As condições da cadeia são terríveis e cada vez mais fica evidente no que Varella reproduz que o sujeito ali é incentivado a piorar, o que paradoxalmente vai ao encontro da defesa do discurso virulento do Estado policial. Afinal, sem esperança de melhoras, os sujeitos saem dali para voltar ao crime e encontrar a morte de maneira mais rápida e certa, isso se não a encontrarem nas próprias galerias do presídio. Há uma clara limpeza étnica e de classe presente no processo, pois a maioria dos vitimados por esse sistema carcerário é a camada preta e pobre de nosso país.

No mês da consciência negra que se finda amanhã evidencia-se ainda mais a necessidade de se pensar as políticas de dignidade às camadas mais populares no sentido de combate efetivo à violência. Os afetos focados no medo cega uma população inteira para como estamos cada vez mais cedendo ao nosso egotismo e nos trancando entre muros e cercanias para nos sentirmos protegidos e deixando a cidade vazia, sem cultura e sem vida. Cada vez mais viramos seres presos em nossas próprias prisões, usando redes sociais para compensar a falta de interação e sentindo que assim estamos protegidos. A violência já se mostra nos mais banais gestos de humor e brincadeiras e o grau de adoecimento da sociedade já passou dos limites do assustador.

Muito disso é responsabilidade de um Estado que incita ao medo, que usa uma mídia de comportamento fascista a qual se preocupa em inocular cada vez mais o temor como combustível de ações.
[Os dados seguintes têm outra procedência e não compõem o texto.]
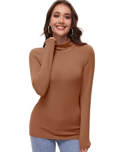YARRCO Haut Thermique Femme Manche Longue Col roulé Casual sous-vêtements Thermiques Chaud & Léger Ski sous Pull t Shirt Hiver Doux et Confortable (Brun,M)
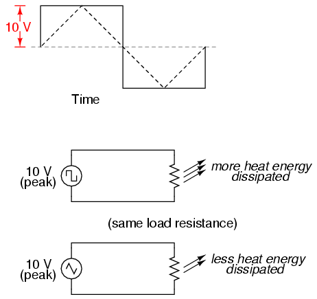 square wave peaking at 10 volts is obviously a greater

Não quero dizer que é uma mera sensação andar pelas cidades e sentir medo de uma bala ou qualquer outro objeto que nos fira. A questão aqui é entender como combater efetivamente o fato social violência e já ficou provado que os meios atuais ao invés de a combaterem fortalecem sua existência, gerando mais ressentimento e pavor.
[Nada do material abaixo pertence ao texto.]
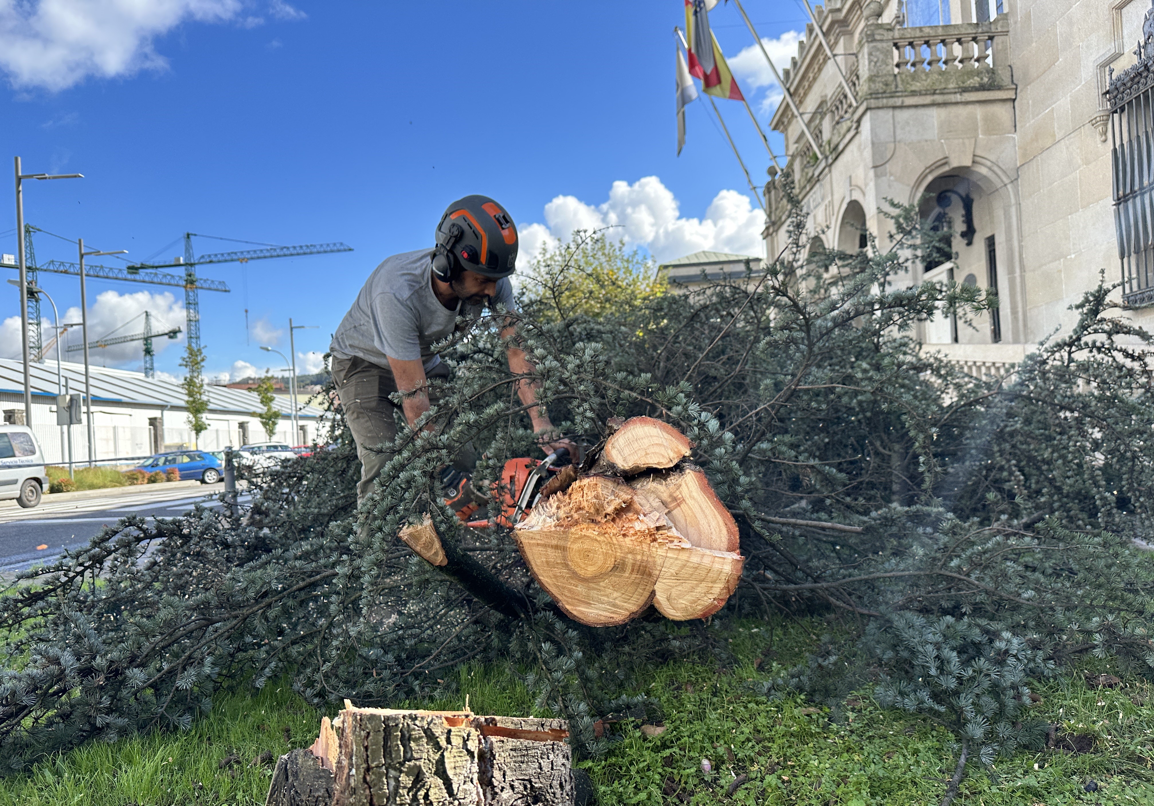 La concejala de parques y jardines, Cristina Acuña informó ayer sobre la necesidad de proceder a la tala de un árbol cedro ubicado en la entrada misma del edificio consistorial asegurando sentir “unha pena enorme”, pero justificando la decisión porque - asegura - “o estado da árbore, que estaba afectado no seu tronco, impedía calquera outra solución e supoña un importante perigo para a seguridade de viandantes e de coche”.

Encarar o problema de frente, mesmo dentro do campo literário, já é uma forma de se sentir mais livre diante do fato, pois a reflexão nos ajuda a sentir as coisas de modo diferente e desse modo percebê-las por outros vieses. Penso que obrigatoriamente passa por esse exercício de auto análise o enfrentamento efetivo das causas sociais da violência em nosso país e de uma vida melhor que a desse Estado policial que há tanto tempo já molda nossas formas de sentir a realidade.